1.6.26: Untitled 2 #62

     why do you have to be so dense?  “I don’t know I’m doing it, i swear—or I don’t see it, because it’s not dense to me.  i can help with that; you need a link to everyday people  ”you think you’re everyday people?”  I can understand you, others can’t  ”you can’t understand me.”  Maybe not your work, but I understand you.  Maybe that was possible  –  i don’t know.  It was nice to be seen as the man i am because it increased my faith—something that, as an artist that doesn’t shorten his life span attempting to tune out eternal life, you need.  He’s talking to his wife now, who has made a terrible fuss.  yes—this was my scotch uncle, long since dead now, and the memory seems a little too persistent to be real.  it seems that my aunt was headed to a bar without Him, and, what was she going to do, but dump her back on Him? 

     These are symbols, mind you; meant to be interpreted—this was me and Ursula talking, and she’d been trying to share something like this, something encoded in this—i could surmise that much.  I think Ursula was telling me about what I supposed to be a psychotic break and thanking me for listening to her—that’s the best sense i could make of the situation.  Needless to say, I understood the situation quite well.  I was sticking with the future by being good—and if this person kept dumping their back, the person behind them would emerge, and they would be the future—my future.  I wasn’t abandoning anyone—on the contrary, I was trying to figure out what was wrong—why Ursula was dumping her back—and the longer I stuck with her, without dumping my back, the more attractive to the future i became. 

     “Are you showing me this?”  I had to ask, because i saw her walking with the mayor of New York—and Bernie Sanders.  She looked eager to please everybody, including the camera, and I inferred, based on changes in my breathing and my pulse when I asked, that yes, she was admitting it—she was attracted to the mayor of New York—let’s call him Wolverine.  His existence as the mayor indicated that the democratic party was shifting toward what we wanted—as opposed to the chicken stance (cozying up to centrist corporate donors) we took with Biden and when Biden quit the race.  That was a huge mistake, and, in fact, I’m still angry about it.  Instead of sticking to their roots and their ideals, they made political decisions based on what they thought the American people could handle—they were looking down their noses—patronizing the American people, none of whom, I guarantee you, wanted to be spending an unaffordable amount of money to get by—if that.  The cuts were real.

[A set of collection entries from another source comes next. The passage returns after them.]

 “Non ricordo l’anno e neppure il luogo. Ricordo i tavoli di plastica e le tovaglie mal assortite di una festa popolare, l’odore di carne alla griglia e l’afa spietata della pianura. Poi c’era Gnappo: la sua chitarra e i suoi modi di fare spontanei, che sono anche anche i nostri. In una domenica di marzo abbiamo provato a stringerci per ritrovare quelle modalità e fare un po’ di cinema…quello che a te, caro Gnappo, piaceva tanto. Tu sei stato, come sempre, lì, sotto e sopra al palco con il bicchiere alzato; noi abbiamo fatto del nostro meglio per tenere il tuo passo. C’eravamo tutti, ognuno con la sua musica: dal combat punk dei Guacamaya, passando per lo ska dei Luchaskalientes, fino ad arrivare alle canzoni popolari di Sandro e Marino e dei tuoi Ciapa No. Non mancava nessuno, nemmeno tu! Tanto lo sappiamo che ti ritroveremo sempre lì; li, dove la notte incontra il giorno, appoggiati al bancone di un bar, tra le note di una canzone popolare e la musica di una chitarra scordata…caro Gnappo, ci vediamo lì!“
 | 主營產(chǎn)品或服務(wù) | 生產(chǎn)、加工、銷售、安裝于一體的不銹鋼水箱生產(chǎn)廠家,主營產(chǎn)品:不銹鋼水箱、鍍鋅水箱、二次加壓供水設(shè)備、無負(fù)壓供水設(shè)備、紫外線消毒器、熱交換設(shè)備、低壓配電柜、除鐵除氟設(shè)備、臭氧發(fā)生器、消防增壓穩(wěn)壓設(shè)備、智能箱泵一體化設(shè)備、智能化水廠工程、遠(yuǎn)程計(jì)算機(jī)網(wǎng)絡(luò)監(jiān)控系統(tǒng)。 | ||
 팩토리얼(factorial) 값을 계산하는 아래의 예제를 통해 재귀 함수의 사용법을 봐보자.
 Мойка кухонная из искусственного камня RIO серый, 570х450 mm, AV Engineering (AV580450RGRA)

     Well, my theory is that you wouldn’t be attracted to somebody else—at least not in any definite way—if you weren’t supposed to be; so i felt really special at this moment—and I wasn’t about to do anything that would leave her feeling punished for sharing this particular quantum state with this particular physicist—a man that would be ignored for years to come.  Anyhow, i inferred, when I saw Wolverine’s wife watching him speak, that she was happy—and if she was as happy as she looked, then it was probably unlikely that Wolverine was stepping out on her—since, in order for an affair to take place, you strip time and energy away from your partner.  They notice—the marriage suffers—you don’t look as happy as she did.

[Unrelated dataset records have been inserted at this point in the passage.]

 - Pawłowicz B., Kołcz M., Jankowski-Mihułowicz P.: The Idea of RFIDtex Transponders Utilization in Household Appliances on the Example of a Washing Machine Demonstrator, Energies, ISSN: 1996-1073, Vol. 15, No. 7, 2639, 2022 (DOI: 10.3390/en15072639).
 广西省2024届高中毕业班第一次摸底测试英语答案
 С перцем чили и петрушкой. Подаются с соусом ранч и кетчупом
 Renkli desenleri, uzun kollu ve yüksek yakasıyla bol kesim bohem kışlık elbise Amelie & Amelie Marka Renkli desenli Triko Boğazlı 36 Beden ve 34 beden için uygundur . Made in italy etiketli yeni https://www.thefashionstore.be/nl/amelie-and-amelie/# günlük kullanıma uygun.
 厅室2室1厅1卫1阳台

     There was the possibility that something had or would take place in the future—i think we’ve established that; but i don’t think anything, at this point, had happened, because, if it did, the two parties wouldn’t look so happy either; they’d be suffering through the ups and downs of a love affair that is not monogamous—you live in this gray-zone, where the person having an affair with you is cheating on you as much as they’re cheating on their partner.  Nothing is secure, nothing is safe—you experience wild highs, and, necessarily, tormented lows—time spent alone or without the object of your affection, which, as anybody that has experienced a crush as kid, growing up, knows, leaves you in a miserable over all state, since, to be blunt, you cannot control the fix that you need—and the pain that it causes leaves you to doubt yourself increasingly, until the relationship—whatever relationship that is—stabilizes.

     So what did this mean to me?  Well, i wanted what was best for Ursula’s career—and that probably meant that an affair with anybody would be a bad idea.  But there was this little opening, such that i felt that a gradual transition from one relationship to the next could take place—if, that is, Ursula continued to find herself attracted to anybody other than her partner.  Therefore I wanted her to do exactly as she was doing if she felt that she need a stabilizing force in her life—such as her partner, who, for as long as they’ve been together, seems pretty stable and adaptable to me.  Ideally, for me, she would be single and chaste—and I honestly don’t know what would be better for her career; unless, of course, doing the right thing is always best for your career—if not the career you have then the one that extends to something else.  Anyhow, Ursula’s message might not have been meant to tell me that I had a chance; it might’ve been meant to tell me that she might admire me, but, as far as she was concerned, her man, for now, was the dominant force in her life.  She might’ve been trying to make me feel better on the one hand and telling me to get real on the other.  Fine—as long as she was doing a good job—the best job she could do—then I would be happy.